I peperoncini ODIANO gli sbalzi di temperatura: ne inibiscono la crescita.
Controllate l’altezza delle lampade. Non devono mai venire a contatto con le piante e ogni tanto dovrete alzarle leggermente.

11. Temperare

Le vostre piantine cresceranno forti, rigogliose e piene di vita … ma non dimenticate che state trattando piante che provengono da paesi molto caldi e con climi molto diversi dal nostro italiano.

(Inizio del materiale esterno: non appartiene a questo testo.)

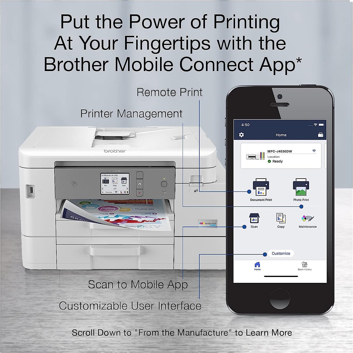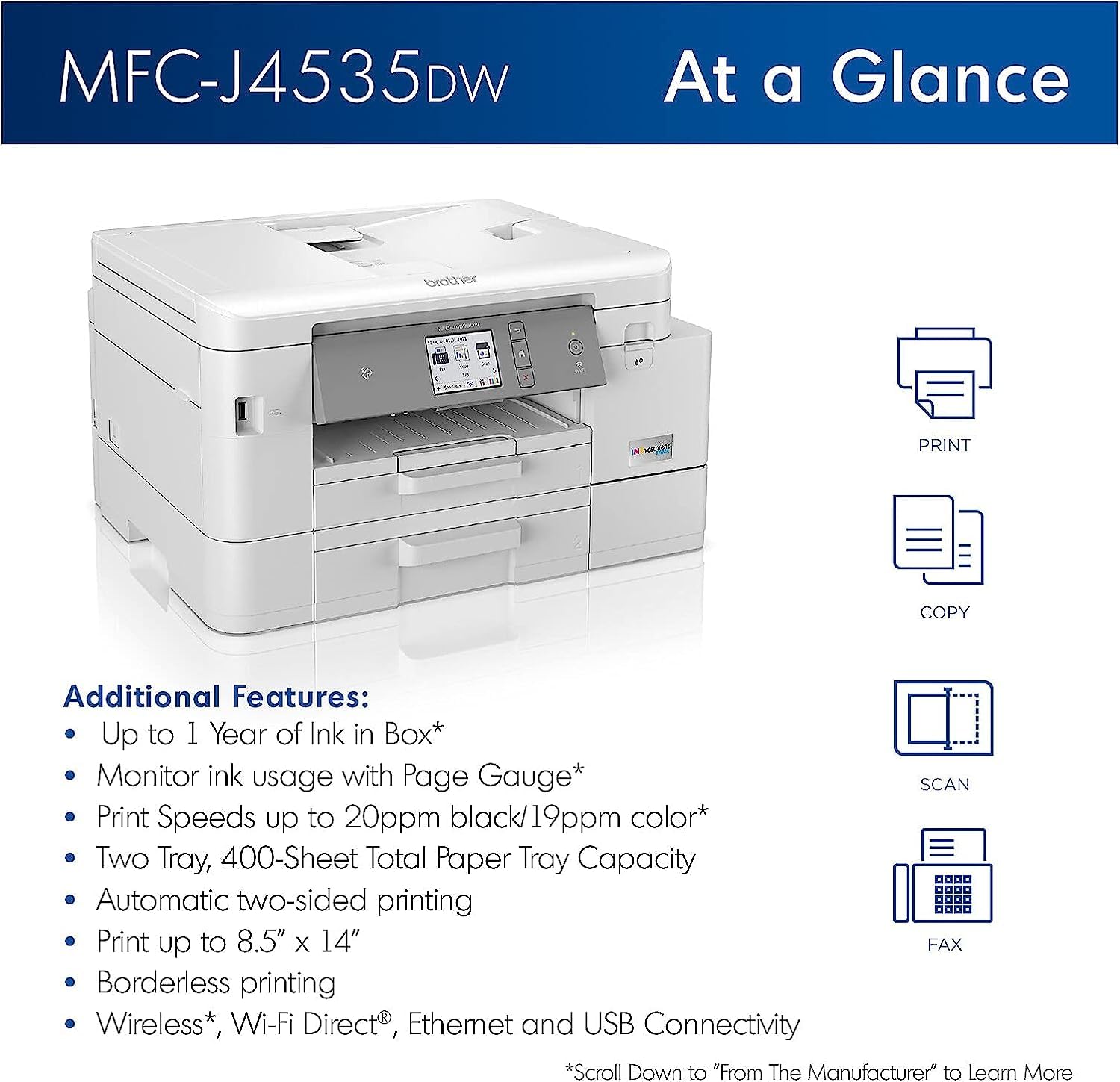 - Print, copy, scan, and fax functionality, a generous 2.7" touchscreen display, and two adjustable paper trays for up to a 400-page total capacity help make the Brother MFC-J4535DWC all-in-one color inkjet printer the ultimate INKvestment Tank printer for your home, home office, schoolwork, or small business.
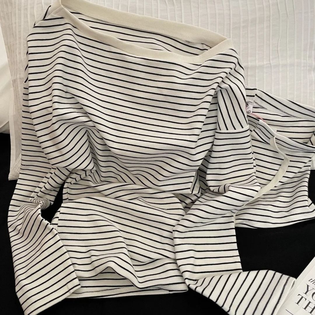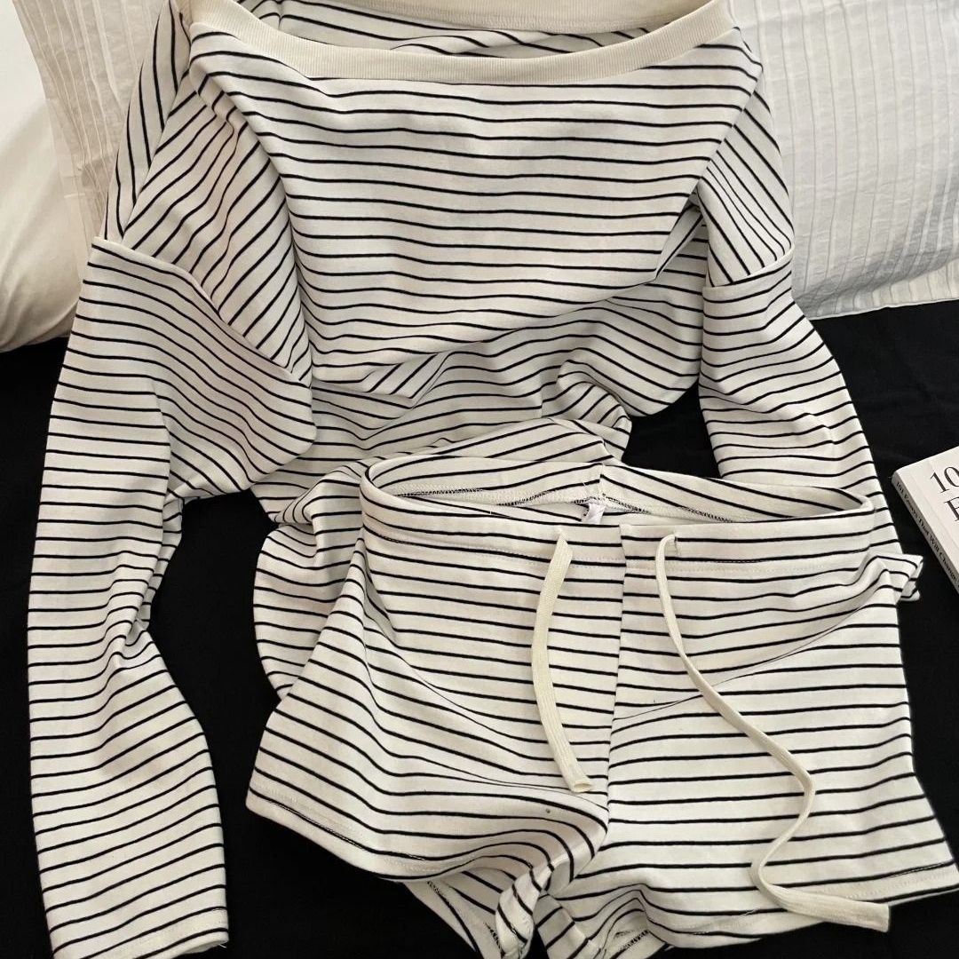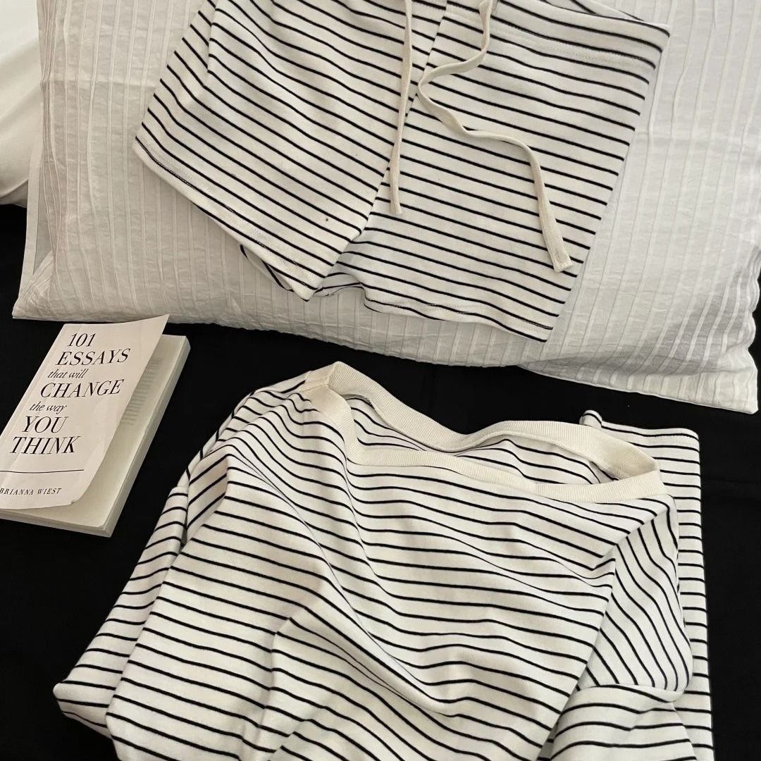 여성을위한 흑백 줄무늬 비스듬한 어깨 달콤한 긴팔 잠옷 여름 2025 새로운 봄, 가을 반바지 홈웨어 투피스 세트스토어 가기

Lo scorso anno ho trapiantato nell’orto a fine maggio. Verso metà mese ho inziato l’acclimatamento secondo il seguente schema:
1° giorno / penombra
1 h all’aperto dalle 12 alle 13
2° giorno / penombra
2 h all’aperto dalle 12 alle 14
3° giorno / penombra
3 h all’aperto dalle 12 alle 15.
4° giorno / penombra
6 h all’aperto dalle 10 alle 16
5° giorno / penombra poi sole
8 h all’aperto dalle 9 alle 17
6° giorno / sole
11 h all’aperto dalle 9 alle 20
7° giorno / sole
12 h all’aperto dalle 9 alle 21
I giorni successivi li ho lasciati fuori anche la notte per un’altra settimana fino al trapianto in terra.
Se non avete un orto, va benissimo anche la coltivazione in vaso. Procuratevi dei vasi di almeno 20 cm di diametro e trasferite le piantine appena possibile.